_MATERIAL FOR THIS TASK_

════

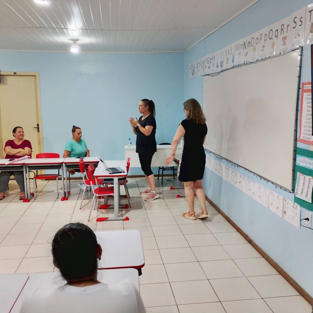 A reunião foi conduzida pelas coordenadoras da Educação Infantil, professora Giulia Wommar Pase, e do Ensino Fundamental I, professora Carin Mattioni, com a participação dos professores e auxiliares da Educação Infantil. Na ocasião, também foi apresentada às famílias a professora que atuará no 1º ano em 2026.
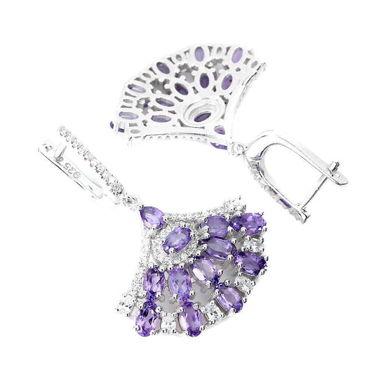 Boucles d'Oreilles Saphir Rhodolite Améthyste
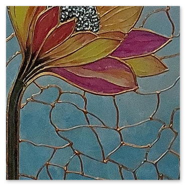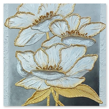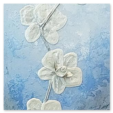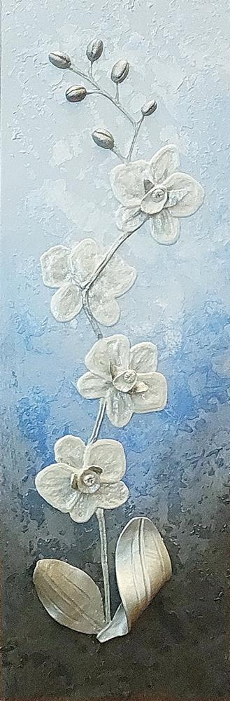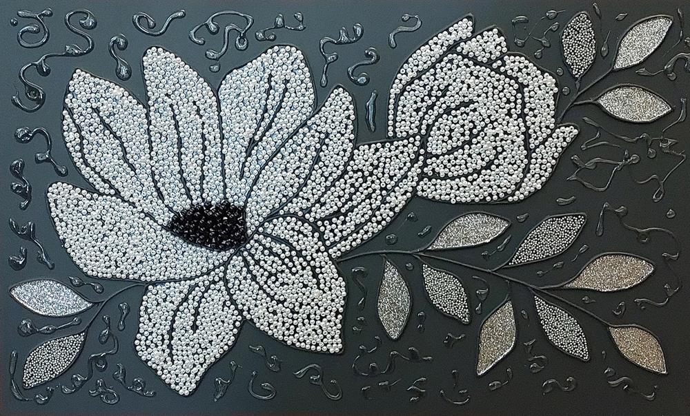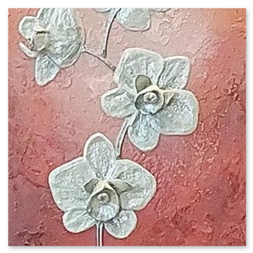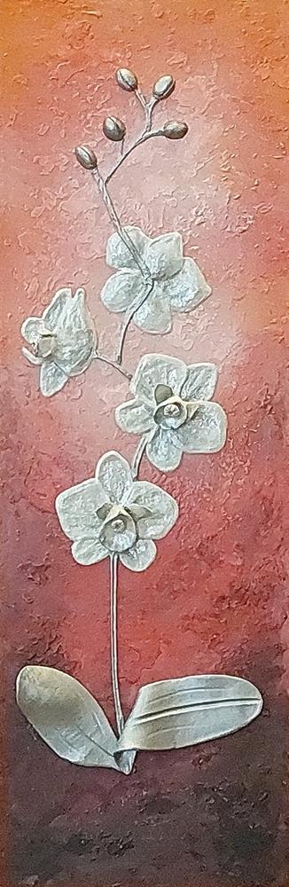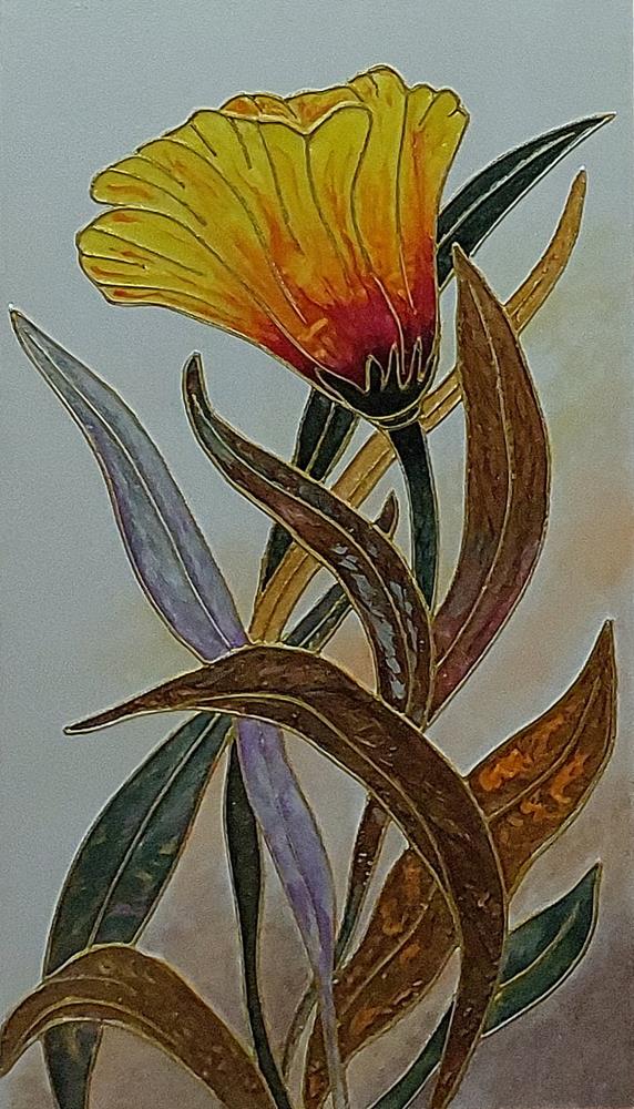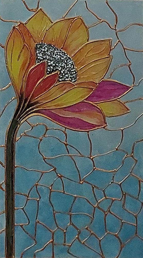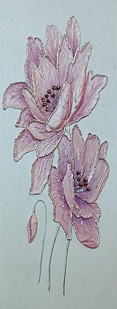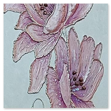 Il fiore, soggetto ricorrente del suo lavoro, non è mai rappresentato in chiave descrittiva, ma emerge come presenza essenziale, sospesa tra figurazione e astrazione.
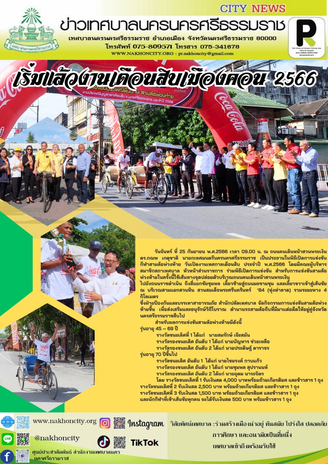 วันจันทร์ ที่ 25 กันยายน พ.ศ.2566 เวลา 09.00 น. ณ ถนนคนเดินหน้าสวนพระเงิน ดร.กณพ เกตุชาติ นายกเทศมนตรีนครนครศรีธรรมราช เป็นประธานในพิธีเปิดการแข่งขันกีฬาสามล้อพ่วงท้าย วันเปิดงานเทศกาลเดือนสิบ ประจำปี พ.ศ.2566 โดยมีคณะผู้บริหาร สมาชิกสภาเทศบาล หัวหน้าส่วนราชการ ร่วมพิธีเปิดการแข่งขัน สำหรับการแข่งขันสามล้อพ่วงท้ายในครั้งนี้ใช้เส้นทางจุดปล่อยตัวบริเวณถนนคนเดินหน้าสวนพระเงิน ไปยังถนนราชดำเนิน ถึงสี่แยกชัยชุมพล เลี้ยวซ้ายสู่ถนนมะขามชุม และเลี้ยวขวาเข้าสู่เส้นชัย ณ บริเวณสามแยกสวนหิน สวนสมเด็จพระศรีนครินทร์ ‘84 (ทุ่งท่าลาด) รวมระยะทาง 4 กิโลเมตร ซึ่งฝ่ายป้องกันและบรรเทาสาธารณภัย สำนักปลัดเทศบาล จัดกิจกรรมการแข่งขันสามล้อพ่วงท้ายขึ้น เพื่อส่งเสริมและอนุรักษ์วิถีโบราณ ตำนานรถสามล้อถีบที่มีมาแต่อดีตให้อยู่คู่จังหวัดนครศรีธรรมราชสืบไป สำหรับผลการแข่งขันสามล้อพ่วงท้ายมีดังนี้ รุ่นอายุ 45 – 69 ปี รางวัลชนะเลิศที่ 1 ได้แก่ นายสมรักษ์ เจ๊ะสมัน รางวัลรองชนะเลิศ อันดับ 1 ได้แก่ นายบัญหาร ช่วยเหลือ รางวัลรองชนะเลิศ อันดับ 2 ได้แก่ นายประดิษฐ์ ดาราจร รุ่นอายุ 70 ปีขึ้นไป รางวัลชนะเลิศ อันดับ 1 ได้แก่ นายไชยรงค์ กาบแก้ว รางวัลรองชนะเลิศ อันดับ 1 ได้แก่ นายชุมพล สุปรานนท์ รางวัลรองชนะเลิศ อันดับ 2 ได้แก่ นายอุดม นาระจิตร โดย รางวัลชนะเลิศที่ 1 รับเงินสด 4,000 บาทพร้อมถ้วยเกียรติยศ และข้าวสาร 1 ถุง รางวัลชนะเลิศที่ 2 รับเงินสด 2,500 บาท พร้อมถ้วยเกียรติยศ และข้าวสาร 1 ถุง รางวัลชนะเลิศที่ 3 รับเงินสด 1,500 บาท พร้อมถ้วยเกียรติยศ และข้าวสาร 1 ถุง และนักกีฬาที่เข้าเส้นชัยทุกคน จะได้รับเงินสด 500 บาท พร้อมข้าวสาร 1 ถุง ............ ภาพ//ข่าว//จันทร์จิรา ตรวจทาน//ฐิตินันท์ |
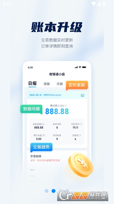 多维度经营数据管理:除了交易流水,还能管理商品信息,支持商品录入、分类、库存编辑等,同时自动生成日 / 周 / 月财务报表,方便商户将收银、商品、财务数据统筹管理,报表支持自定义筛选维度,数据导出格式兼容常用办公软件。
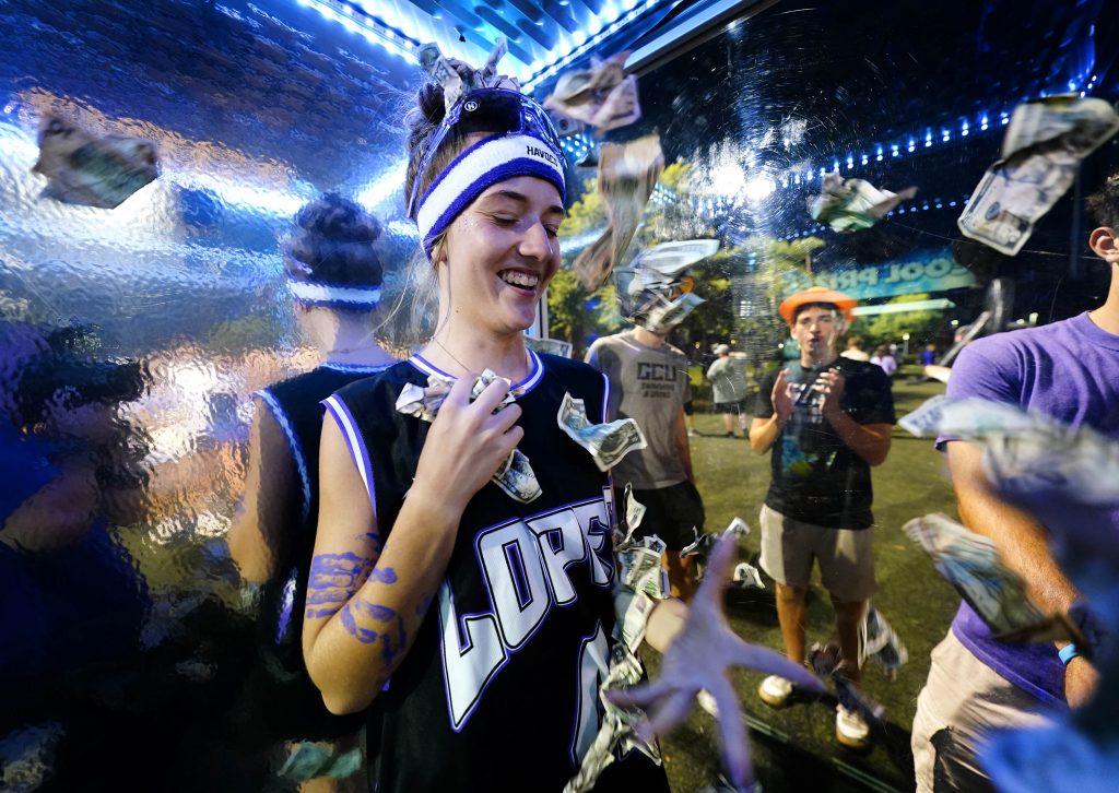 Students try to make a cash grab of prop money in the Money Machine during the Lope-A-Palooza Festival at Prescott Field on Aug. 29, 2025. -
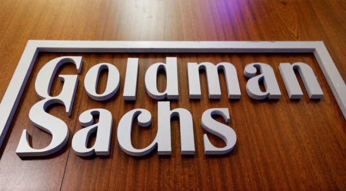 FILE PHOTO: The Goldman Sachs company logo is on the floor of the NYSE in New York
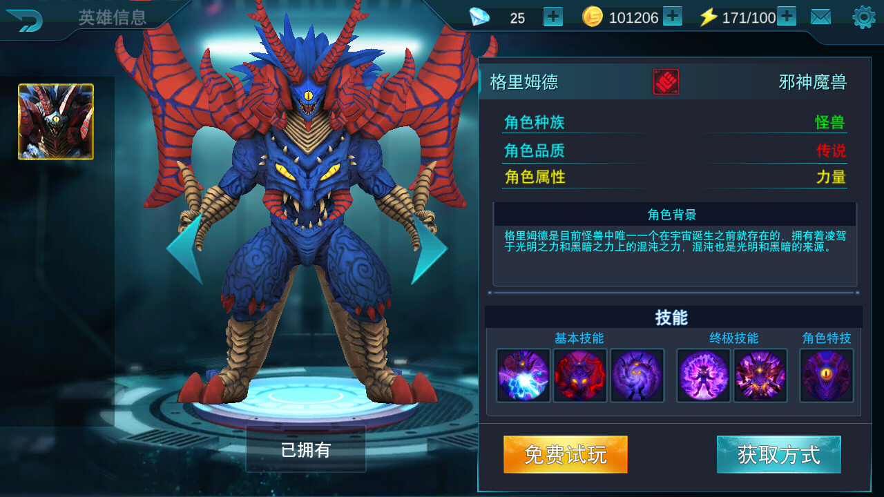 解放体内的混沌力量,展开黑暗领域,巨大化为邪神状态,造成诅咒效果和大量伤害,并解锁一套全新的技能,以巨大化格里姆德释放出更具破坏力的光线技能,
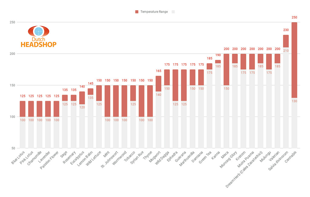 Herbs too contain various substances which are all released at different temperatures in your vaporizer. Without discussing all herbs in detail, we want to give you some suggestions for good vaping temperatures. Check the bar chart below.
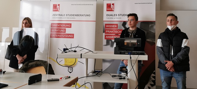 Auch über das Studentenleben an der HS Landshut erfuhren die Schüler*innen einiges. Nach dem gemeinsamen Mittagessen in der HS-Mensa gab es eine Fragestunde mit Dual Studierenden, welche von ihren Erfahrungen in und um die Hochschule berichteten. Zuletzt gab es auch noch eine 30-minütige Führung durch Studentinnen über den Hochschulcampus.
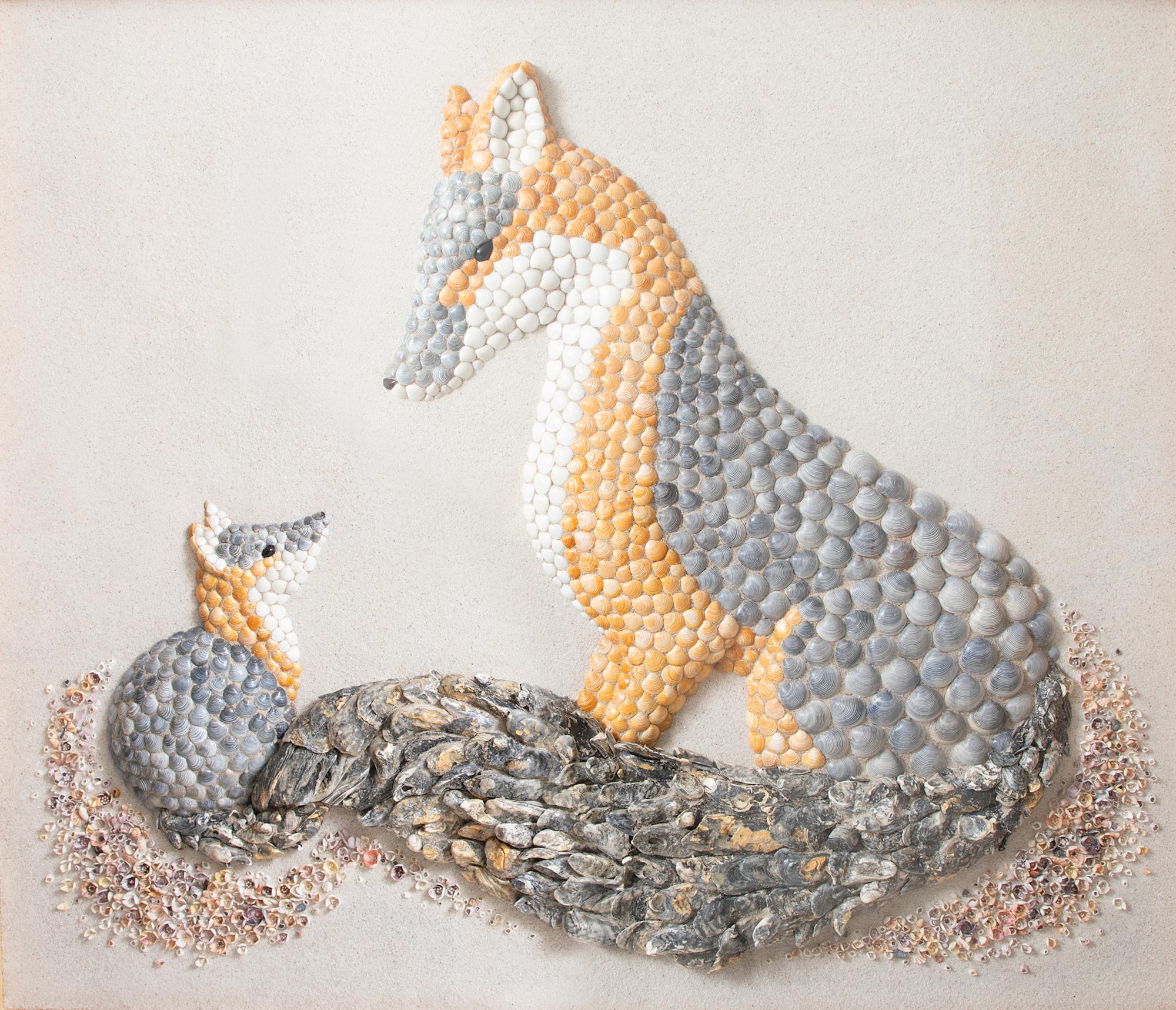 Anna Chan, Devotion, 2023, Mixed media (sand and seashells), 39 x 46 x 2.5 inches, Lucile Packard Children's Hospital at Stanford, West. Referencing wildlife in Northern California, “Devotion” depicts gray foxes, native to this region of the state, made out of sand and sustainability sourced sea shells.
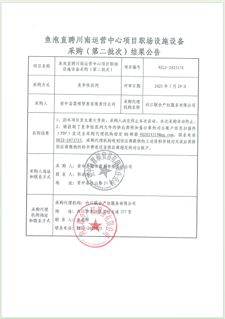 鱼泡直聘川南运营中心项目职场设施设备采购(第二批次)结果公告
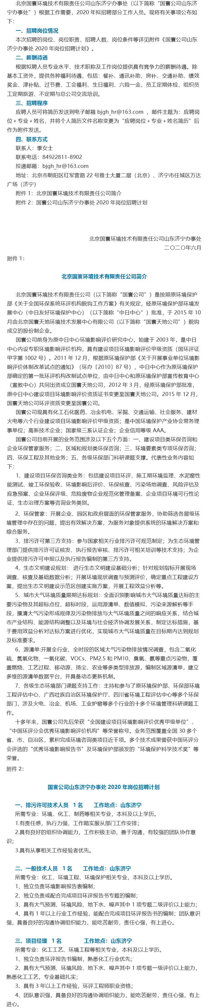 北京國(guó)寰環(huán)境技術(shù)有限責(zé)任公司山東濟(jì)寧辦事處招聘啟事

════

Please retype the records above exactly, but leave out any pictures.

 A reunião foi conduzida pelas coordenadoras da Educação Infantil, professora Giulia Wommar Pase, e do Ensino Fundamental I, professora Carin Mattioni, com a participação dos professores e auxiliares da Educação Infantil. Na ocasião, também foi apresentada às famílias a professora que atuará no 1º ano em 2026.
 Boucles d'Oreilles Saphir Rhodolite Améthyste
 Il fiore, soggetto ricorrente del suo lavoro, non è mai rappresentato in chiave descrittiva, ma emerge come presenza essenziale, sospesa tra figurazione e astrazione.
 วันจันทร์ ที่ 25 กันยายน พ.ศ.2566 เวลา 09.00 น. ณ ถนนคนเดินหน้าสวนพระเงิน ดร.กณพ เกตุชาติ นายกเทศมนตรีนครนครศรีธรรมราช เป็นประธานในพิธีเปิดการแข่งขันกีฬาสามล้อพ่วงท้าย วันเปิดงานเทศกาลเดือนสิบ ประจำปี พ.ศ.2566 โดยมีคณะผู้บริหาร สมาชิกสภาเทศบาล หัวหน้าส่วนราชการ ร่วมพิธีเปิดการแข่งขัน สำหรับการแข่งขันสามล้อพ่วงท้ายในครั้งนี้ใช้เส้นทางจุดปล่อยตัวบริเวณถนนคนเดินหน้าสวนพระเงิน ไปยังถนนราชดำเนิน ถึงสี่แยกชัยชุมพล เลี้ยวซ้ายสู่ถนนมะขามชุม และเลี้ยวขวาเข้าสู่เส้นชัย ณ บริเวณสามแยกสวนหิน สวนสมเด็จพระศรีนครินทร์ ‘84 (ทุ่งท่าลาด) รวมระยะทาง 4 กิโลเมตร ซึ่งฝ่ายป้องกันและบรรเทาสาธารณภัย สำนักปลัดเทศบาล จัดกิจกรรมการแข่งขันสามล้อพ่วงท้ายขึ้น เพื่อส่งเสริมและอนุรักษ์วิถีโบราณ ตำนานรถสามล้อถีบที่มีมาแต่อดีตให้อยู่คู่จังหวัดนครศรีธรรมราชสืบไป สำหรับผลการแข่งขันสามล้อพ่วงท้ายมีดังนี้ รุ่นอายุ 45 – 69 ปี รางวัลชนะเลิศที่ 1 ได้แก่ นายสมรักษ์ เจ๊ะสมัน รางวัลรองชนะเลิศ อันดับ 1 ได้แก่ นายบัญหาร ช่วยเหลือ รางวัลรองชนะเลิศ อันดับ 2 ได้แก่ นายประดิษฐ์ ดาราจร รุ่นอายุ 70 ปีขึ้นไป รางวัลชนะเลิศ อันดับ 1 ได้แก่ นายไชยรงค์ กาบแก้ว รางวัลรองชนะเลิศ อันดับ 1 ได้แก่ นายชุมพล สุปรานนท์ รางวัลรองชนะเลิศ อันดับ 2 ได้แก่ นายอุดม นาระจิตร โดย รางวัลชนะเลิศที่ 1 รับเงินสด 4,000 บาทพร้อมถ้วยเกียรติยศ และข้าวสาร 1 ถุง รางวัลชนะเลิศที่ 2 รับเงินสด 2,500 บาท พร้อมถ้วยเกียรติยศ และข้าวสาร 1 ถุง รางวัลชนะเลิศที่ 3 รับเงินสด 1,500 บาท พร้อมถ้วยเกียรติยศ และข้าวสาร 1 ถุง และนักกีฬาที่เข้าเส้นชัยทุกคน จะได้รับเงินสด 500 บาท พร้อมข้าวสาร 1 ถุง ............ ภาพ//ข่าว//จันทร์จิรา ตรวจทาน//ฐิตินันท์ |
 多维度经营数据管理:除了交易流水,还能管理商品信息,支持商品录入、分类、库存编辑等,同时自动生成日 / 周 / 月财务报表,方便商户将收银、商品、财务数据统筹管理,报表支持自定义筛选维度,数据导出格式兼容常用办公软件。
 Students try to make a cash grab of prop money in the Money Machine during the Lope-A-Palooza Festival at Prescott Field on Aug. 29, 2025. -
 FILE PHOTO: The Goldman Sachs company logo is on the floor of the NYSE in New York
 解放体内的混沌力量,展开黑暗领域,巨大化为邪神状态,造成诅咒效果和大量伤害,并解锁一套全新的技能,以巨大化格里姆德释放出更具破坏力的光线技能,
 Herbs too contain various substances which are all released at different temperatures in your vaporizer. Without discussing all herbs in detail, we want to give you some suggestions for good vaping temperatures. Check the bar chart below.
 Auch über das Studentenleben an der HS Landshut erfuhren die Schüler*innen einiges. Nach dem gemeinsamen Mittagessen in der HS-Mensa gab es eine Fragestunde mit Dual Studierenden, welche von ihren Erfahrungen in und um die Hochschule berichteten. Zuletzt gab es auch noch eine 30-minütige Führung durch Studentinnen über den Hochschulcampus.
 Anna Chan, Devotion, 2023, Mixed media (sand and seashells), 39 x 46 x 2.5 inches, Lucile Packard Children's Hospital at Stanford, West. Referencing wildlife in Northern California, “Devotion” depicts gray foxes, native to this region of the state, made out of sand and sustainability sourced sea shells.
 鱼泡直聘川南运营中心项目职场设施设备采购(第二批次)结果公告
 北京國(guó)寰環(huán)境技術(shù)有限責(zé)任公司山東濟(jì)寧辦事處招聘啟事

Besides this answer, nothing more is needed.